Albert Besnard, Modernités Belle Époque

Publié le 27/09/2016

Bénéficier d’une grande notoriété puis, au fil des années, tomber dans l’oubli : tel est le sort de certains artistes, Albert Besnard est de ceux-là. Honoré de son vivant, son nom est pratiquement inconnu aujourd’hui.

Cependant il fut un créateur remarquablement doué et reconnu à son époque : peintre, pastelliste, graveur, décorateur. Celui qu’Edgar Degas nommait assez méchamment « un pompier qui a pris feu » obtient le Prix de Rome en 1874, est nommé directeur de la Villa Médicis en 1913 puis directeur de l’École des Beaux-Arts de Paris en 1922. Il est le seul peintre à faire partie à la fois de l’Académie des Beaux-Arts et de l’Académie Française. Mais voilà, les temps évoluent, comme les goûts, et Albert Besnard a disparu. Cependant en 2008 le musée d’Honfleur lui consacrait une exposition et, cet été, le Palais Lumière à Évian organisait une vaste rétrospective de sa création si diverse où figurent 150 œuvres, lui rendant ainsi justice.

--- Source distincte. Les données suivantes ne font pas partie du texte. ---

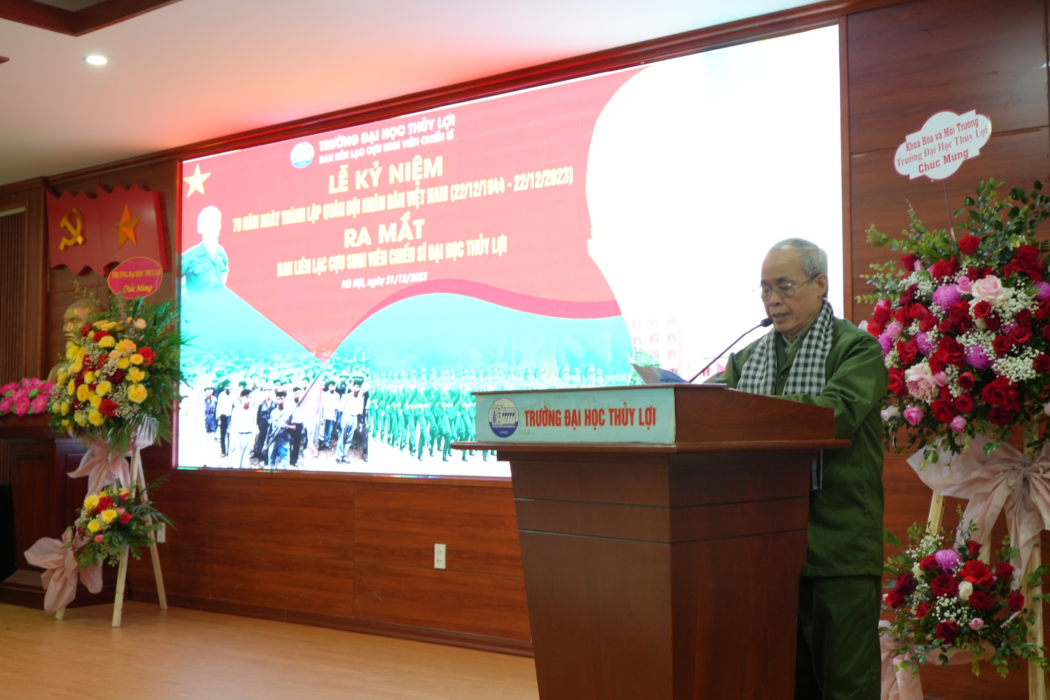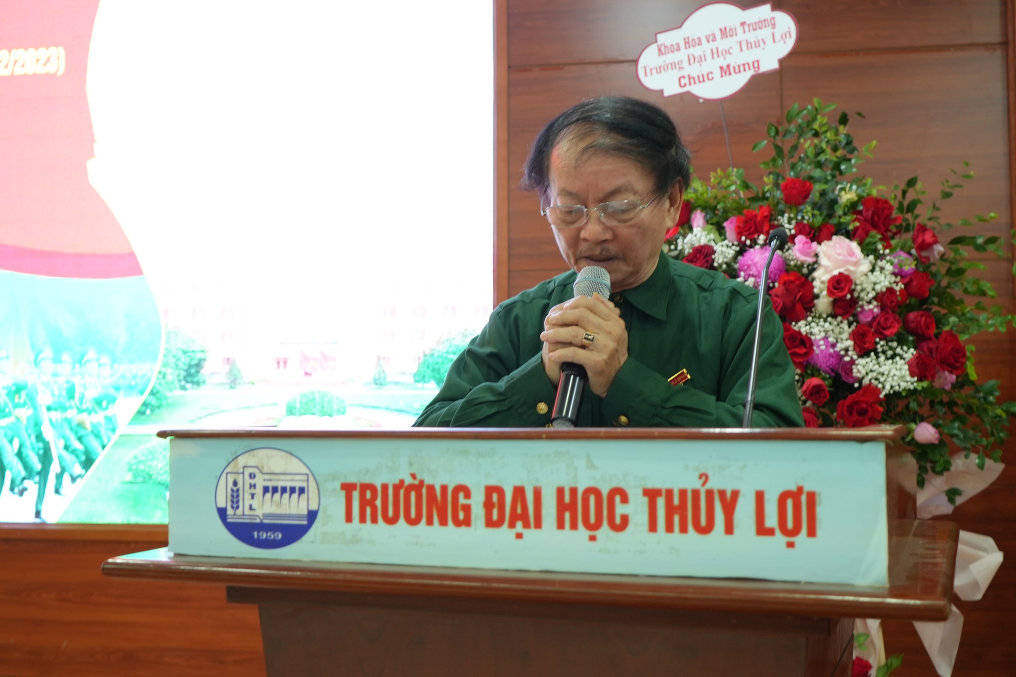 Thay mặt cựu sinh viên chiến sĩ Đại học Thủy Lợi, ông Vũ Trọng Hà, Nguyên Vụ trưởng Vụ tổ chức cán bộ, Bộ Nông nghiệp và Phát triển nông thôn đã ôn lại truyền thống vẻ vang của sinh viên Đại học Thủy Lợi hăng hái xung phong lên đường nhập ngũ. Theo thống kê của nhà trường, từ năm 1965-1975, đã có khoảng 700 sinh viên gác lại hoài bão của tuổi trẻ hăng hái xếp bút nghiên lên đường nhập ngũ với lời thề “quyết tử cho Tổ quốc quyết sinh”.

Albert Besnard, Madame Roger Jourdain, 1886, h/t, 199 x 150,5 cm.

Photo RMN – Grand Palais (Musée d’Orsay – Hervé Lewandowski)

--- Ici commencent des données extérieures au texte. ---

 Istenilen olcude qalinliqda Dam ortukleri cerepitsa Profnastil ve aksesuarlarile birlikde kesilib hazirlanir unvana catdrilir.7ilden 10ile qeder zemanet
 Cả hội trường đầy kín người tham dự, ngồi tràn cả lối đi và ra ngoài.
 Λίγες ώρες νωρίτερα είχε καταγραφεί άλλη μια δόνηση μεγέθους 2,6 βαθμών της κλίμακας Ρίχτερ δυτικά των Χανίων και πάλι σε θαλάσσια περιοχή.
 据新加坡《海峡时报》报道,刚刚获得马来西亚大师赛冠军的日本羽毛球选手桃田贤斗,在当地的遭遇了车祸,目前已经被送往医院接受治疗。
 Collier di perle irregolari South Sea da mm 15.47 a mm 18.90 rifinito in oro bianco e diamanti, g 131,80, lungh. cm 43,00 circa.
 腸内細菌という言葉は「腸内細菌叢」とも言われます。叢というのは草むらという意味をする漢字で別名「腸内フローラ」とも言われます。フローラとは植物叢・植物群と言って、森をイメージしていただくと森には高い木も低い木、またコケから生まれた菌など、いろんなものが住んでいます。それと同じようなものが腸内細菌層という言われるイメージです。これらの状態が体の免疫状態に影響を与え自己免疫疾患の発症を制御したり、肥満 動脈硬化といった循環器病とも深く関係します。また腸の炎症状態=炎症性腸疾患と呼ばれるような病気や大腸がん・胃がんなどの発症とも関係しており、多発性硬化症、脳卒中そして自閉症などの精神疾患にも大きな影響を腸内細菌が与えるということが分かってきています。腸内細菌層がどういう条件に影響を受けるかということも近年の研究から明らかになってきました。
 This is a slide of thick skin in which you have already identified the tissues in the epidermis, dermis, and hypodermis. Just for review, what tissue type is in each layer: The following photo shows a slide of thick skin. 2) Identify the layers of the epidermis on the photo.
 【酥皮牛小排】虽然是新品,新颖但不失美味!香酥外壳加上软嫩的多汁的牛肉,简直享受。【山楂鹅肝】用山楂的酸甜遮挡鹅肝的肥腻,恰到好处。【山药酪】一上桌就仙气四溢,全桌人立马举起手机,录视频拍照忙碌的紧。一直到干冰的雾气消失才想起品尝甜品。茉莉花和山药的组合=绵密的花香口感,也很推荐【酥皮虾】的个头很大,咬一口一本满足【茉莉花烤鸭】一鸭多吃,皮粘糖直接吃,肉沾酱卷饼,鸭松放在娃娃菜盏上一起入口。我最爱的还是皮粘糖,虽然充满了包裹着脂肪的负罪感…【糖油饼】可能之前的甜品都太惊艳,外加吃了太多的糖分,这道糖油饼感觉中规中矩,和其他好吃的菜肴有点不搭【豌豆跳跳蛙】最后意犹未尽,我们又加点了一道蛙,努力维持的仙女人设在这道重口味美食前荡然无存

Né dans une famille d’artistes – son père peintre d’histoire, sa mère pastelliste –, il réalisa brillamment son rêve en décorant des plafonds à la Sorbonne, à l’Hôtel de Ville de Paris, à la Comédie-Française, au Petit Palais, souvent dans la tradition de Puvis de Chavannes, y ajoutant sa marque personnelle.

On le reconnaît comme peintre de la femme, il a réalisé aussi bien des portraits officiels, de commandes que d’autres plus intimes d’où se dégage un charme certain et une vraie maîtrise picturale dans une ambiance discrète, pour nous désuète mais séduisante. Il excelle à faire rayonner la lumière sur les visages ou les robes souvent vaporeuses, comme dans Madame Roger Jourdain, l’un de ses chefs-d’œuvre, où se devine une influence impressionniste. Il crée dans cette composition un éclairage particulier (qui n’a pas toujours été compris de son temps) : utilisant celui de la lumière du jour finissant sur une partie de la robe et, de l’autre, le reflet de bougies allumées créant un effet jaune et bleu. Dans Une famille, la sienne, on est frappé par la vivacité des couleurs, plutôt rare à l’époque. Les portraits révèlent son talent à traduire les caractères et dans certains il témoigne d’une sensibilité réelle. Lorsqu’il aborde le nu, il en dévoile la beauté ou la sensualité en de délicates tonalités, transparentes ou plus fortes ; l’eau, souvent présente, enveloppe les formes.

Autre aspect de l’œuvre d’Albert Besnard : la décoration ; il a souvent intégré dans son œuvre les valeurs de la République, comme il se devait, mais il a su préserver sa personnalité à travers les allégories affirmant son originalité et parfois son audace.

Autre domaine : le pastel, dont il a utilisé tour à tour la douceur, le velouté ou l’éclat dans nus et portraits féminins sous de délicats jeux de lumière. Il démontre parfois une tendance symboliste (L’Éclipse), et une grande variété d’approche avec des femmes énigmatiques pour la plupart.

Mais il est une autre dimension de son art : la gravure, à travers laquelle il s’est livré plus intimement ; ses eaux-fortes révèlent un regard personnel sur différents thèmes, de la maternité à la prostitution ou la misère. Il n’hésite pas à évoquer les morphinomanes, la mort et toute la partie d’ombre de l’être dans des planches parfois puissantes et aux forts contrastes.

Albert Besnard un artiste à redécouvrir à Évian jusqu’à la fin de l’été puis au Petit Palais cet automne.